Not all small targets are alike.
Intelligence on its own does not imply Friendliness. And there are three big reasons to think that AGI may arrive before Friendliness Theory is solved:
(i) Research Inertia. Far more people are working on AGI than on Friendliness. And there may not come a moment when researchers will suddenly realize that they need to take all their resources out of AGI and pour them into Friendliness. If the status quo continues, the default expectation should be UFAI.
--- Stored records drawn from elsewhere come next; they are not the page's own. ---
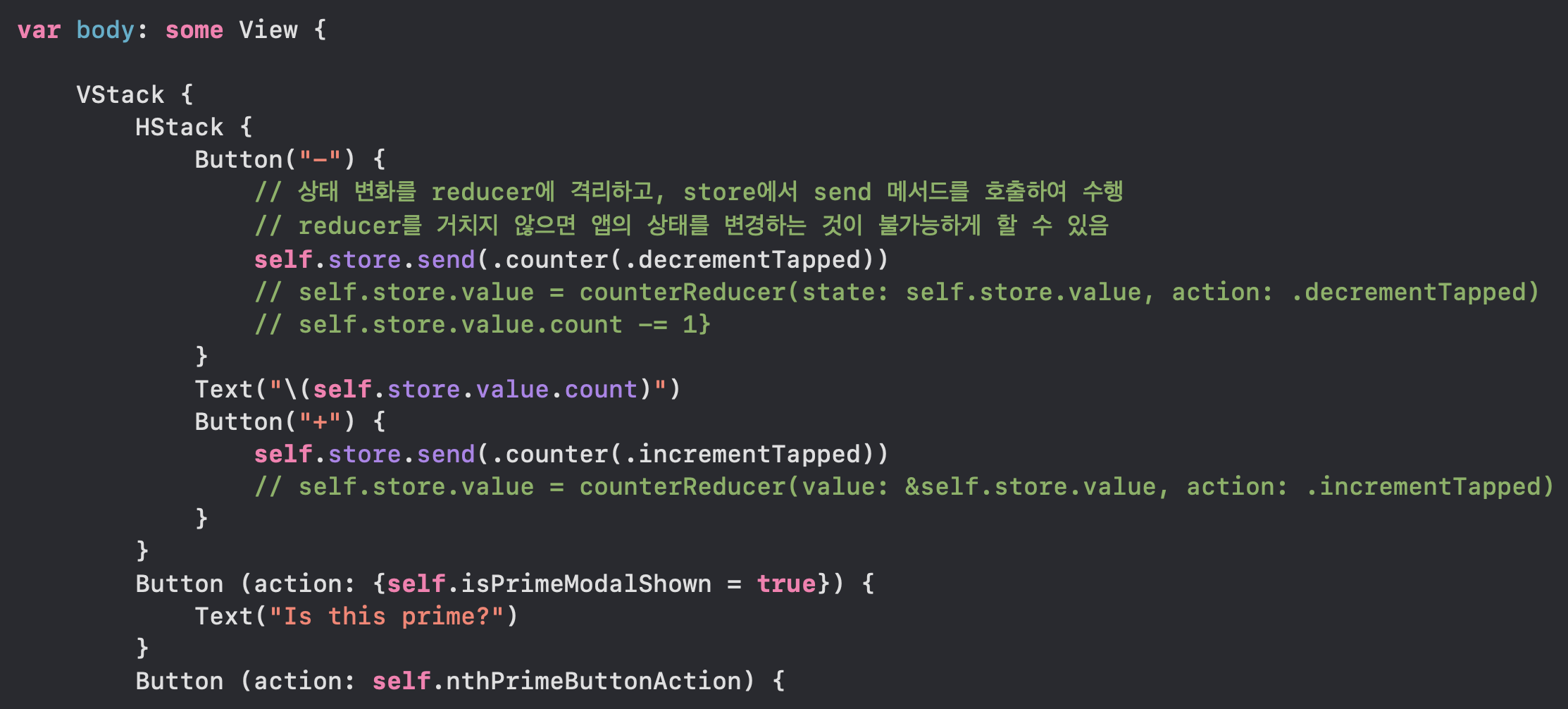 ์ํ ๋ณํ์ ๋ฐ๋ฅธ ํ๋์ reducer์ ๊ฒฉ๋ฆฌํด์ store์์ send() ๋ฉ์๋ ํธ์ถ์ ํตํด ํ ์ ์๋๋ก ํ๋ค.
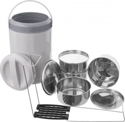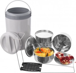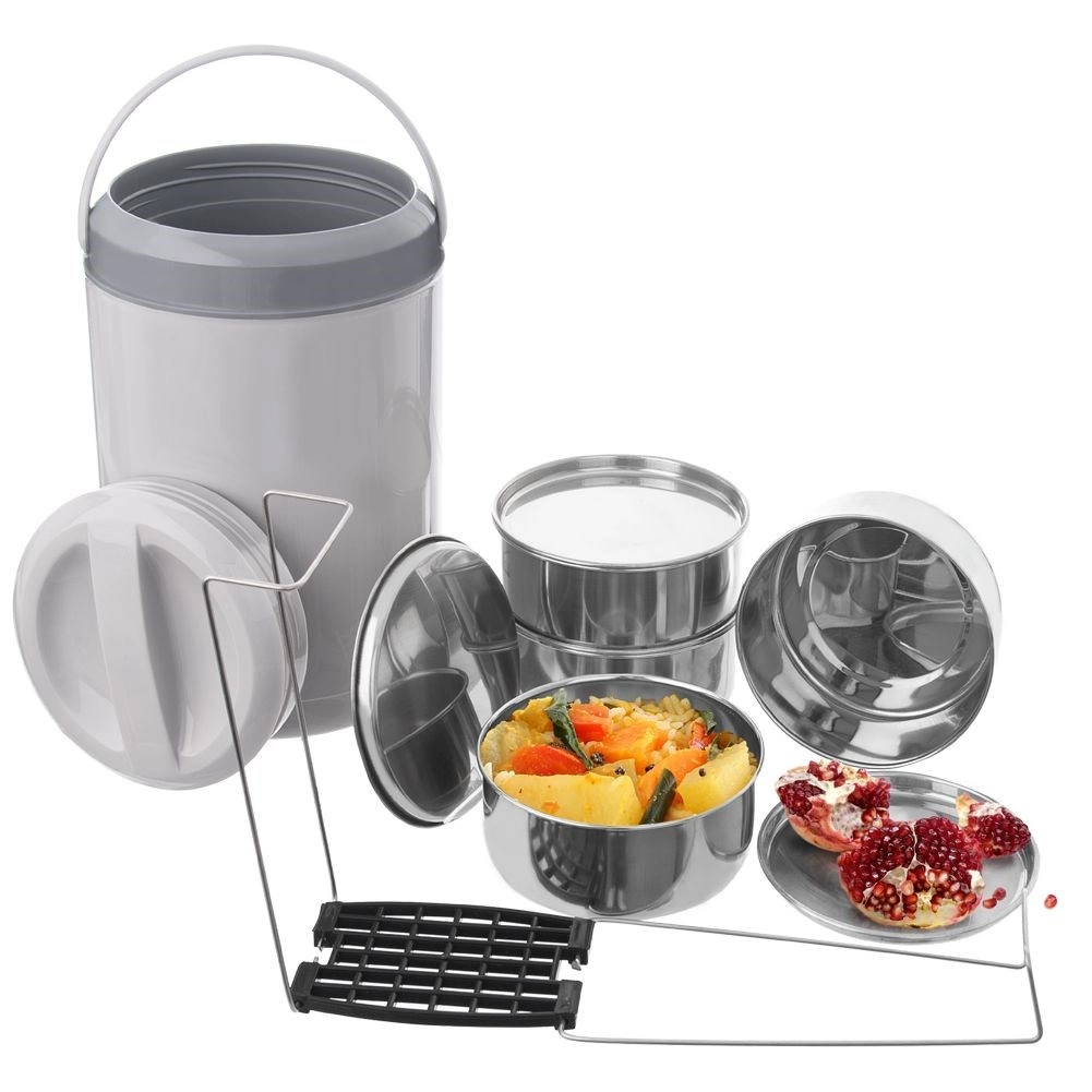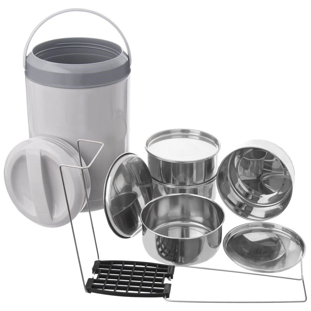 Odkrijte zanesljiv način, kako prenesti celoten meni v enem setu. Štiri samostojne posode iz nerjavnega jekla (vsaka 800 ml) z zapiralnimi pokrovi so povezane s čvrstim stojalom, ki zagotavlja stabilno in pregledno zlaganje. Sivi izolacijski ovitek z ročajem pomaga ohranjati temperaturo jedi in omogoča udobno ter varno prenašanje.
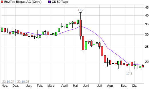 Mit dem Rücksetzer auf 18,45 EUR hat die Envitec Biogas-Aktie am 22.10.2025 die 50-Tage-Linie nach unten gekreuzt.Die Envitec Biogas-Aktie befindet sich seit dem 16.05.2025 im langfristigen ...weiterlesen
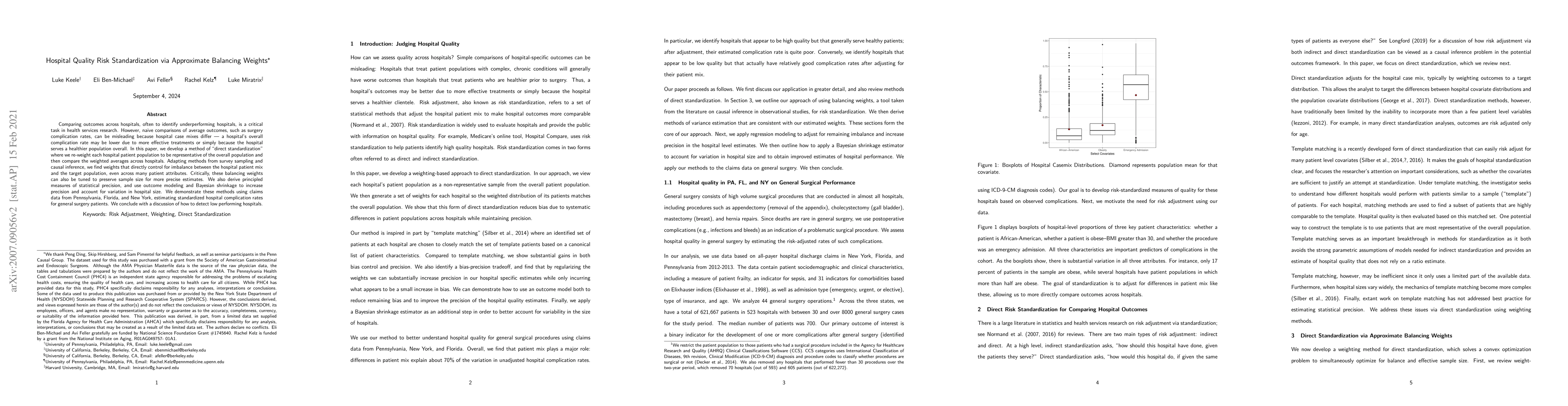 Researchers developed a method to compare hospital outcomes across different patient populations, accounting for variations in case mixes, to identify underperforming hospitals accurately. Their approach uses balancing weights to standardize hospital data and improve precision estimates.
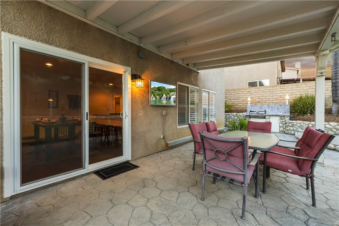 IMMACULATE and REMODELED cul-de-sac home near the top of Hillcrest shows like a model home with NO HOA or Mello-Roos! Pride of ownership is evident and the beautifully landscaped front yard provides great curb appeal with mature palm trees, a river rock wall, and an EXTRA WIDE DRIVEWAY THAT CAN ACCOMMODATE AN RV/CAMPER! Upon entry through the covered front porch, you’re greeted into the light & bright home that’s been FRESHLY PAINTED and is adorned with engineered bamboo wood flooring that is durable and water resistant and spans the entire first floor. Your stunning open-concept kitchen has been gorgeously remodeled with espresso soft-close cabinetry with pull out drawers, Ogee edge granite countertops, mosaic tile backsplash, pendant lighting, stainless steel appliances and sink, and a pantry. It opens up to the family room designed for entertaining with a surround sound system, ceiling fan, and a built-in entertainment center surrounding a cozy fireplace. Your first floor also includes a powder room and laundry room complete with plenty of cabinetry, a granite countertop, and a laundry chute from your primary suite. Head upstairs where you’ll find a spacious loft, 4 bedrooms, and 2 full bathrooms. Your primary suite features cathedral ceilings along with a double sink vanity, walk-in shower, soaking tub, spacious walk-in closet, and newly installed tile floors. Plantation shutters, crown molding, and recessed lights adorn the home adding to its beauty. Entertain and enjoy relaxing evenings in your tastefully landscaped backyard featuring outdoor lamp posts, a built-in BBQ, a gas fire pit, river rock planter walls, stamped concrete, raised garden beds with dedicated watering system, and covered patio to enjoy al-fresco dining or watch your favorite sports games on the 45″ outdoor TV. Your NEWER AC UNIT IS ONLY ~1 YEAR OLD and provides comfort and energy efficiency year-round. Your two car garage includes a work bench, shelving, and a level 2 EV charging station. Surrounded by award winning schools, parks, shopping centers, dining options, Castaic Lake, and being close to the 5 freeway and highway 126 making commuting quick and easy. Come by and become the lucky new owner of this TURN-KEY home where your story begins!
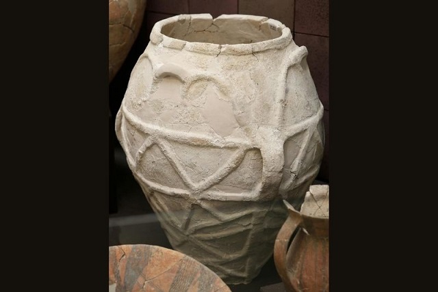 Sicilya’nın Castelluccio bölgesinde bulunan ve muhtemelen zeytinyağı depolamak için kullanılan Tunç Çağı’na ait çömlek (pithos). C: Fabrizio Garrisi/Wikimedia Commons
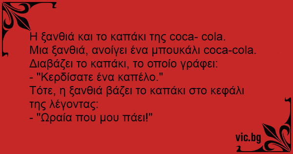 Μια ξανθιά, ανοίγει ένα μπουκάλι coca-cola. Διαβάζει το καπάκι, το οποίο γράφει:
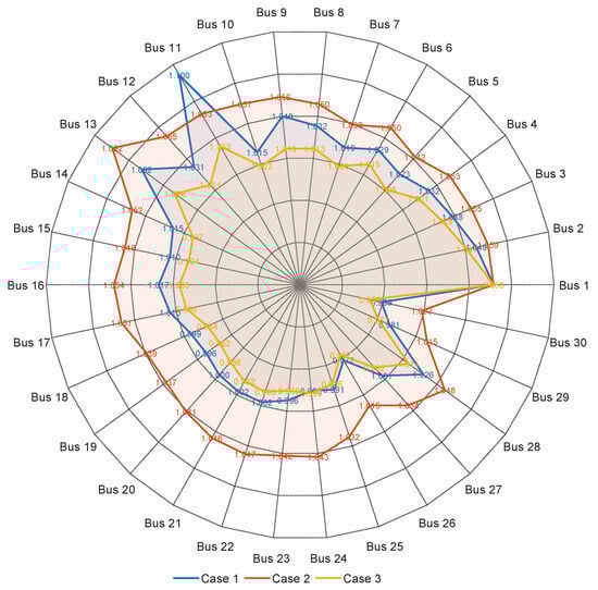 Voltage profile across all nodes for three operational cases: OPF-AC (Case 1), loss minimization (Case 2), and a constrained scenario (Case 3).
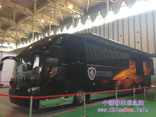 展會(huì)現(xiàn)場(chǎng),最為奪人眼球的,莫過于一輛長(zhǎng)達(dá)13.7米,高3.8米的斯堪尼亞•海格VIP房車了,他通體黑色,威武霸氣,車身上繪有金黃色雄鷹,高端華麗。據(jù)介紹,這輛高檔房車采用“世界公路之王”瑞典斯堪尼亞原裝底盤,上裝由海格客車精心打造,價(jià)值逼近千萬元。
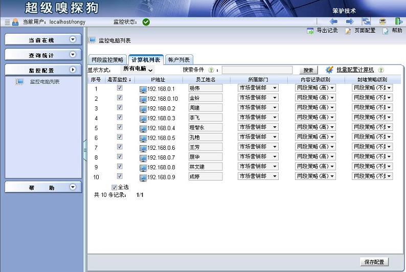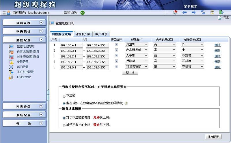 步驟3:點擊監(jiān)控配置->監(jiān)控電腦列表,進入“監(jiān)控電腦列表”界面,單擊切換到“網(wǎng)段監(jiān)控策略”選項卡,可以為每個部門選擇不同的封堵策略級別。具體如下圖所示:
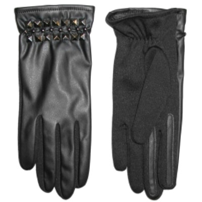 These gorgeous black leather look gloves have decorative metallic studs for an edgy look.
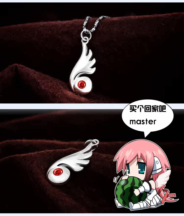 名稱卡通動漫周邊 伊卡洛斯項鏈 天降之物標志項鏈 925純銀重量小號 約1.1克;中號約2.4克材質925純銀鍍白金鑲紅鋯石(帶有925純銀防偽標志)尺寸大小
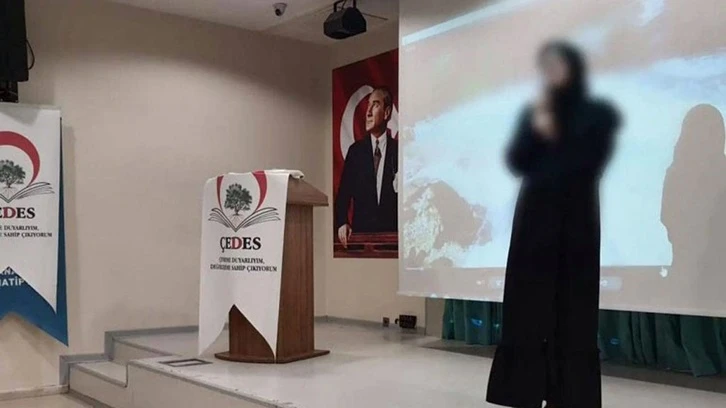 ÇEDES Protokolü kapsamında yapılan etkinliklerin birinde ise sahnede bir kadın konuşma gerçekleştirdi. Etkinlikle ilgili sosyal medyada yapılan paylaşımda, konuşma yapan kadının yüzünün blurlandığı görüldü.

(ii) Disjunctive Instrumental Value. Being more intelligent — that is, better able to manipulate diverse environments — is of instrumental value to nearly every goal. Being Friendly is of instrumental value to barely any goals. This makes it more likely by default that short-sighted humans will be interested in building AGI than in developing Friendliness Theory. And it makes it much likelier that an attempt at Friendly AGI that has a slightly defective goal architecture will retain the instrumental value of intelligence than of Friendliness.
(iii) Incremental Approachability. Friendliness is an all-or-nothing target. Value is fragile and complex, and a half-good being editing its morality drive is at least as likely to move toward 40% goodness as 60%. Cross-domain efficiency, in contrast, is not an all-or-nothing target. If you just make the AGI slightly better than a human at improving the efficiency of AGI, then this can snowball into ever-improving efficiency, even if the beginnings were clumsy and imperfect. It's easy to put a reasoning machine into a feedback loop with reality in which it is differentially rewarded for being smarter; it's hard to put one into a feedback loop with reality in which it is differentially rewarded for picking increasingly correct answers to ethical dilemmas.
The ability to productively rewrite software and the ability to perfectly extrapolate humanity's True Preferences are two different skills. (For example, humans have the former capacity, and not the latter. Most humans, given unlimited power, would be unintentionally Unfriendly.)
It's true that a sufficiently advanced superintelligence should be able to acquire both abilities. But we don't have them both, and a pre-FOOM self-improving AGI ('seed') need not have both. Being able to program good programmers is all that's required for an intelligence explosion; but being a good programmer doesn't imply that one is a superlative moral psychologist or moral philosopher.
So, once again, we run into the problem: The seed isn't the superintelligence. If the programmers don't know in mathematical detail what Friendly code would even look like, then the seed won't be built to want to build toward the right code. And if the seed isn't built to want to self-modify toward Friendliness, then the superintelligence it sprouts also won't have that preference, even though — unlike the seed and its programmers — the superintelligence does have the domain-general 'hit whatever target I want' ability that makes Friendliness easy.
And that's why some people are worried.